Item B: The user avoided an experimental dependency during the migration.
Result:
The items are semantically related around risk avoidance and stable tooling.
Temporal relationships
Temporal relationships answer:
How are memory items related in time?
Not every memory should be treated as timeless. Projects, decisions, events, plans, and incidents often depend on order and timing.
Temporal links let Memind represent relationships such as before, overlap, and nearby.
Processing flow
Memory Items
-> Time Extraction
-> Time Normalization
-> Temporal Candidate Pairing
-> Relation Classification
-> Temporal Item Links
What gets stored
| Stored object | Meaning |
|---|
| Temporal Item Link | A typed item-to-item time relationship. |
| Relation Code | The temporal relation, such as before, overlap, or nearby. |
| Strength | The confidence or weight of the relationship. |
Why it matters
Temporal relationships help Memind:
- answer time-aware questions
- distinguish old state, current state, and future plans
- build timelines for Memory Threads
- understand how user preferences, projects, and decisions evolve
- support insight consolidation around change over time
Example
Item A: The user decided last week to keep SQLite for local development.
Item B: The user later asked how to package the local server with Docker Compose.
Result:
Item A happened before Item B.
Causal relationships
Causal relationships answer:
Why did one memory lead to, explain, or support another?
Many useful memories are not just related by topic or time. One memory may explain a decision, enable an action, motivate a preference, or describe the cause of a resolved problem.
Causal links let Memind represent relationships such as caused_by, enabled_by, and motivated_by.
Processing flow
Memory Items
-> Causal Signal Detection
-> Candidate Pairing
-> Relation Classification
-> Evidence Validation
-> Causal Item Links
What gets stored
| Stored object | Meaning |
|---|
| Causal Item Link | A typed item-to-item causal relationship. |
| Relation Code | The causal relation, such as caused_by, enabled_by, or motivated_by. |
| Strength | The confidence or weight of the relationship. |
Why it matters
Causal relationships help Memind:
- understand why a decision was made
- connect problems with resolutions
- reuse troubleshooting knowledge
- preserve motivation behind preferences and constraints
- help Insight Tree consolidation capture “why” patterns, not only “what” facts
Example
Item A: The Maven build failed because the Java version was too old.
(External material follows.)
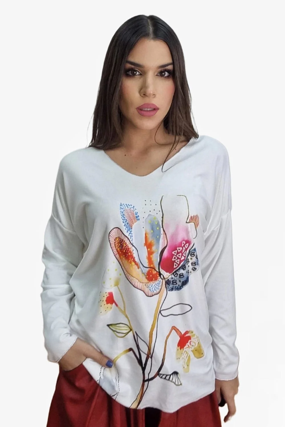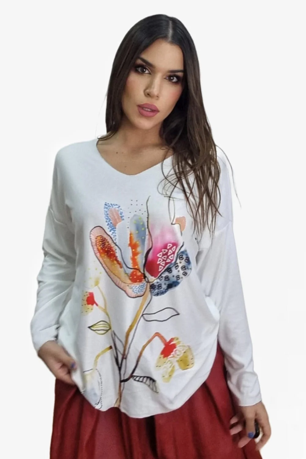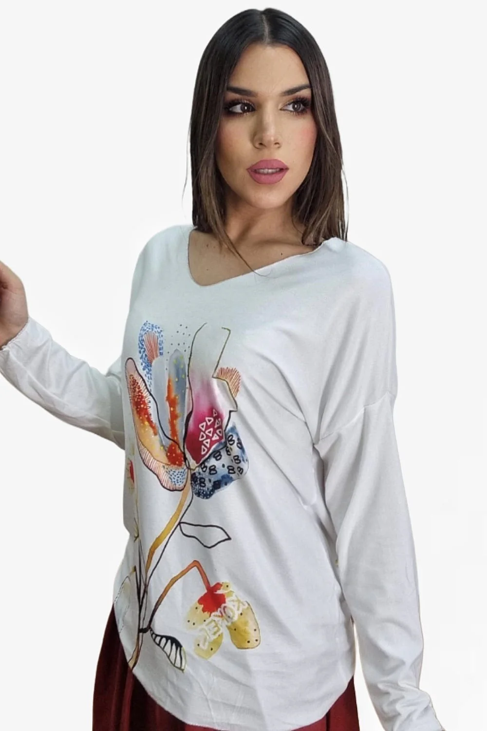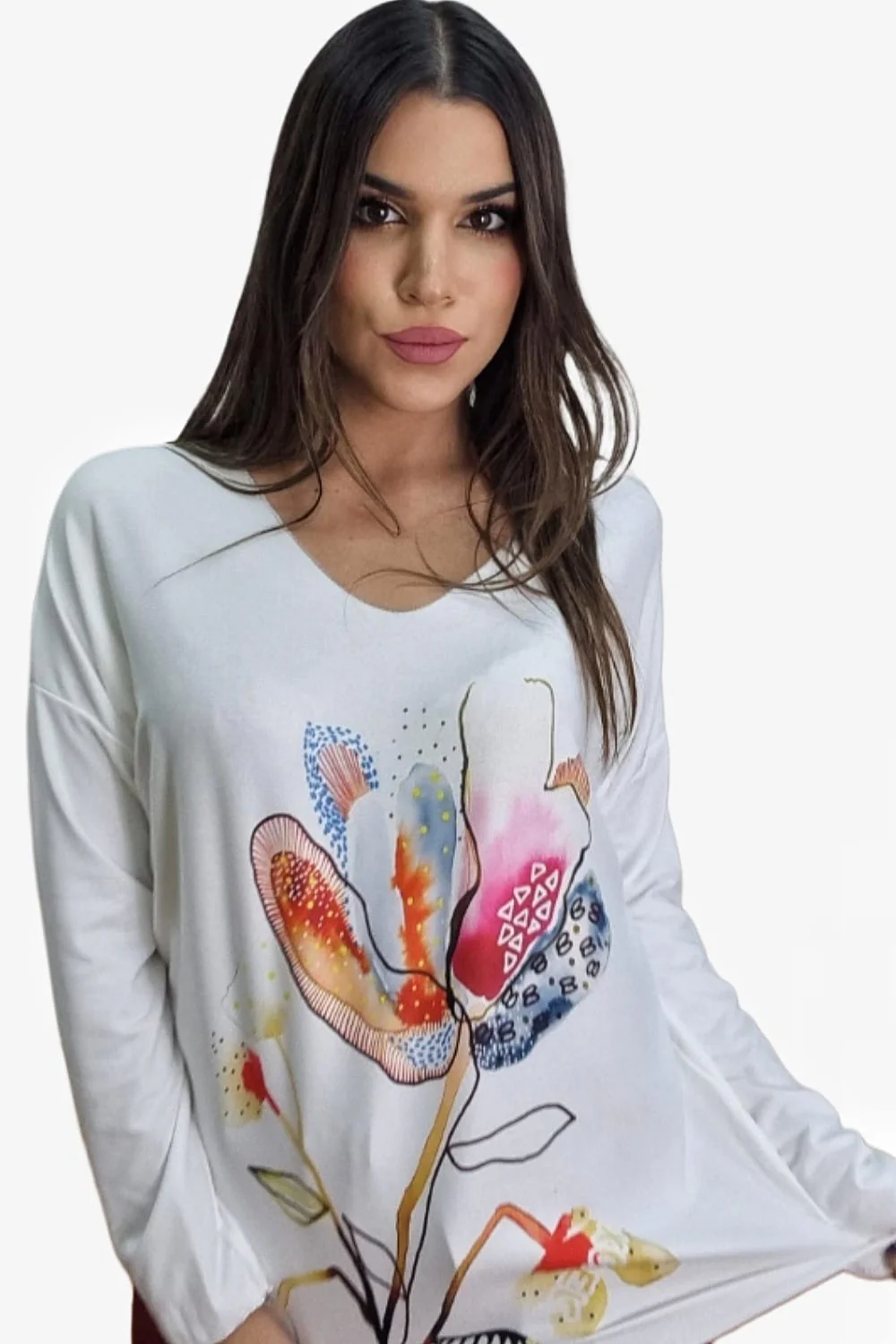 Jersey fluido de punto con manga larga. Estampado variado y colorido. Ideal para llevar con vaquero y leggins y dar un toque divertido y alegre a tu look.
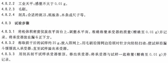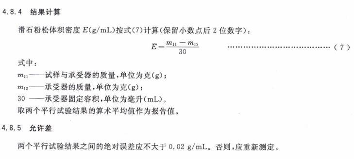 4.8 滑石粉松體密度測定方法 4.8.1 方法原理概要: 滑石粉松體密度是指滑石粉再松散狀態(tài)下(能自由流動),一定容積的滑石粉所具有的質(zhì)量。

Item B: The issue was resolved by switching to Java 21.
Result:
The resolution is connected to the diagnosis through a causal relationship.
Why these relationships matter
The Item Graph is not only for visualization.
Graph relationships are used by multiple parts of Memind:
| Used by | How |
|---|
| Retrieval | Graph assist can expand from direct matches to related memory. |
| Memory Threads | Related items can be grouped into evolving topic projections. |
| Insight Tree | Connected memory can be consolidated into higher-level understanding. |
| Memind UI | Developers can inspect entities, aliases, mentions, item links, relationship types, strengths, and evidence sources. |
This is how Memind moves from isolated facts to connected memory.